但是从总体上来说,社区中的各种公民参与网络总量不足,人均拥有量较少,并且网络内的资源不丰富。在许多社区,社区仅仅是社区居民的一个居住地,而非社会关系网络的中心。许多调查显示,当社区居民遇到困难,需要获得帮助时,首先找的是亲戚、朋友、同学,或者同事、单位,能够主动寻求社区组织或者邻居帮助的比较少。这就是说,社区居民关系网络的主体在社区外,而不在社区内部。反过来,由于互惠程度的低下也影响了居民之间的社区参与和相互合作。这表现在对社区的一些公共物品的生产、利用和维护上边,出现了集体行动的困境,而不能采取一种相互协作的态度去解决这些问题以此来促进整个社区社会资本水平的提高。

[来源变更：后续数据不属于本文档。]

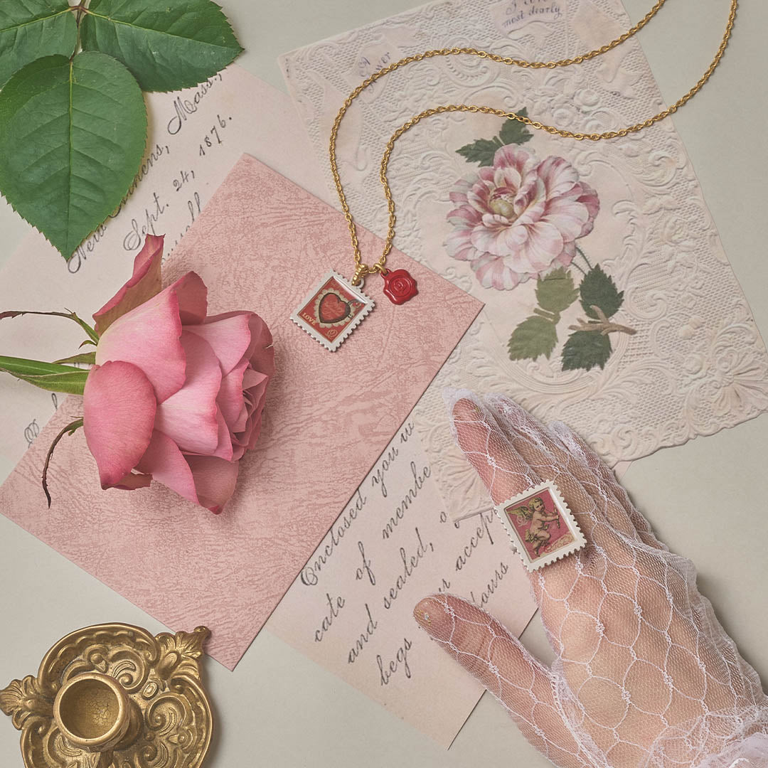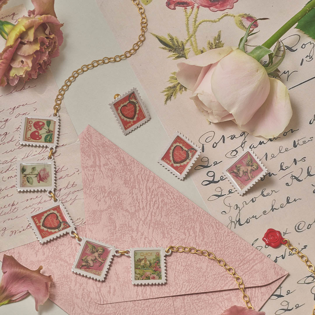 From a heart-shaped cake and celestial angel to blooming rose, flower garden, and twin cherries... Receive the sweet transmissions of Q-POST. and feel the hidden meanings woven into each beautiful stamp.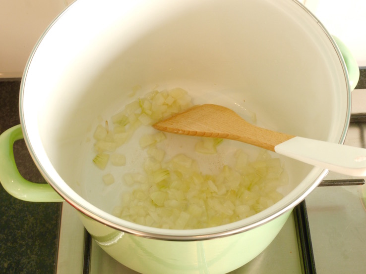 – Verwarm een flinke eetlepel kokosolie in een soeppan en fruit de uitjes op laag vuur aan.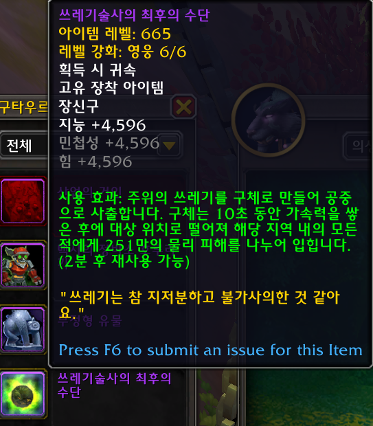 다음 아이템은 2시즌 구렁에서도 나옵니다. 스샷은 생략합니다.

总而言之,关于中国城市社区的社会资本的现状问题,有学者其实已经做了深刻的总结:“事实上城市居民的社会资本已经在破坏和丧失之中。概括地说,社会资本包括(能够提高社会效率)的信任、规范和网络三个方面。在迅速的社会变迁的过程中,无论是信任、规范还是网络都发生了重大的变化,原有的社会网络被打破或不再有效了,新的社会网络不能发挥效用或不再有效或尚未形成。总之,社会生活中物质财富的积累在增长,但城市居民彼此愈来愈冷漠,愈来愈孤立”。[9]这种社会资本偏低的情况无疑妨碍了社区的建设和发育,妨碍了城市基层社会的有效整合,妨碍了整个城市的社会调控体系的建设:“社区是社会关系和共同价值、规范、兴趣产生的场域。社会资本总量的多寡与分布状况,决定了社区活力和凝聚力的强弱以及社区治理的绩效和效率。社会资本存量丰富且分布均衡,居民的社区归属感就强,社区治理的效果就好,社区发展的目标就能顺利实现,反之,社区就会因居民不愿参与社区事务而缺乏认同感,社区和谐的目标就很难达成”。[11]

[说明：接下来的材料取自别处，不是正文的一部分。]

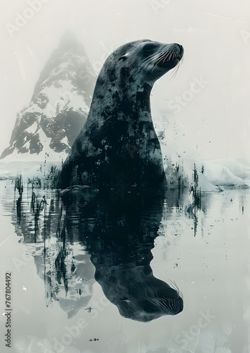 © GLAB, Obraz premium Double Exposure Sea Lion with Iceberg

2004年,中央文件首次提出了区域化大党建的概念,要求各级党组织结合实际进行探索实践。党的十七届四中全会后,中央组织部对区域化党建的内涵进行了丰富深化,明确提出区域化党建是“以街道党组织为核心、社区党组织为基础,驻区单位党组织和全体党员共同参与,优势互补、资源共享、共驻共建的党建工作新机制”。
应该说,区域化党建是近年来基于经济社会结构转型背景下产生和形成的一个独具内涵的党建新理念。从功能上看,区域化党建与社会形态相互契合,致力于整合区域内各类党建资源与社会资源,变内部循环为内外一体化循环,强化互动共商,倡导自主管理,具有引领区域社会组织和弥合组织结构体系的双重功效,从而为基层党建工作拓展新的广阔平台与空间。从理论分析和实践总结可初步得出:区域化党建是在城乡经济社会结构转型、区域一体化的背景下,以拓展党的组织覆盖和工作覆盖、推进党建社会化为主导,从区域统筹的视野,在一定区域范围内化散为聚,在党员管理、工作体制、管理方式、党建资源分享等多个层面实现单位党建与区域党建横向贯通,统筹设置基层党组织,统一管理党员队伍,通盘使用党建资源,以实现组织效能发挥最大化、教育管理效果最优化、组织工作成本最低化,实现基层党建格局从封闭运行、自我发展向区域联动、社区共治、一体发展转型。区域化党建和以往传统单位党建模式相比,具有开放性、地域性、整合性、多元性、网络性的特点,在实践上更有利于基层党建融入社会化,也有利于在更大范围实现党的组织覆盖和工作覆盖。
众所周知,基层党组织是基层服务工作的领导核心,在推进区域化过程中,党委充分发挥总揽全局、协调各方的作用,推进区域内的所有主体都参与到服务中来。这一个过程就是培育社会资本、推进基层治理的有效过程。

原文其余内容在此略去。